Similarly to Greek philosopher Heraclitus, for Italo Calvino, Lightness is the flexible; the weightless; the mobile; the connective; vectors as distinct from structures. Italo Calvino explored Lightness in the first of his Six Memos for the Next Millennium. He saw Lightness as an important aspect of post-modern society and existence that should be celebrated; he, like Heraclitus, never viewed Lightness as negative, indeed he never ascribed any evaluative content to it.

Calvino keenly explores the borderline between lightness and the superficial; he posits that a contemplative lightness may make light-heartnedness seem heavy and dim; the pursuit of lightness as a reaction to the dutifulness of life.

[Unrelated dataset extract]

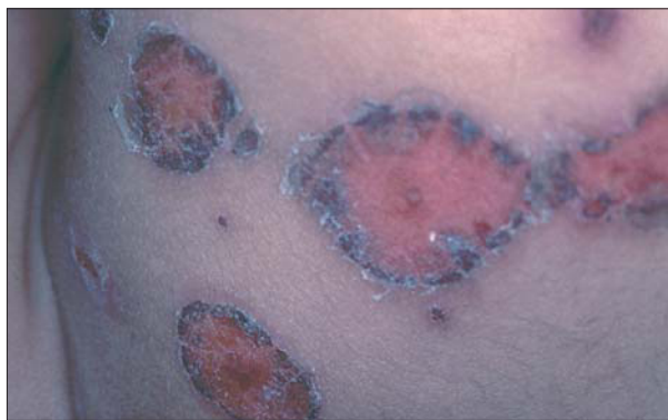
Figura 4. Varicela impetiginizada por Staphylococcus aureus .

de la varicela (plaquetopenia, deficiencias transitorias de las proteínas C y S y coagulación intravascular diseminada, casi siempre en el niño inmunodeficiente).

Calvino emphasises that he does not intend to exclude or to define as inferior the opposite, as for example light/heavy, quick/slow; instant deduction is not necessarily better than well-considered thought, the case may be even contrary. It simply communicates something which is only emblematic of lightness. The balance or tension between the two 'poles' is an important aspect.

In Six Memos he says that "It is true that software cannot exercise its powers of lightness except through the weight of hardware. But it is the software that gives the orders, acting on the outside world and on machines that exist only as functions of software and evolve so that they can work out ever more complex programs. The second industrial revolution, unlike the first, does not present us with such crushing images as rolling mills and molten steel, but with 'bits' in a flow of information traveling along circuits in the form of electronic impulses. The iron machines still exist, but they obey the orders of weightless bits."

==Eastern philosophy==

The Yoga Sutras of Patanjali also deal with Lightness. Book 3 describes Lightness or Laghima as being one of the eight siddhis, or eight perfections: the capacity to offset the force of one's facticity. This is defined in relation to Pullness or Garima, which concerns worldly weight and mass.

Zen Buddhism teaches that one ought to become as light as being itself. Zen teaches one not only to find the lightness of being “bearable,” but to rejoice in this lightness. This stands as an interesting opposition to Kundera's evaluation of Lightness.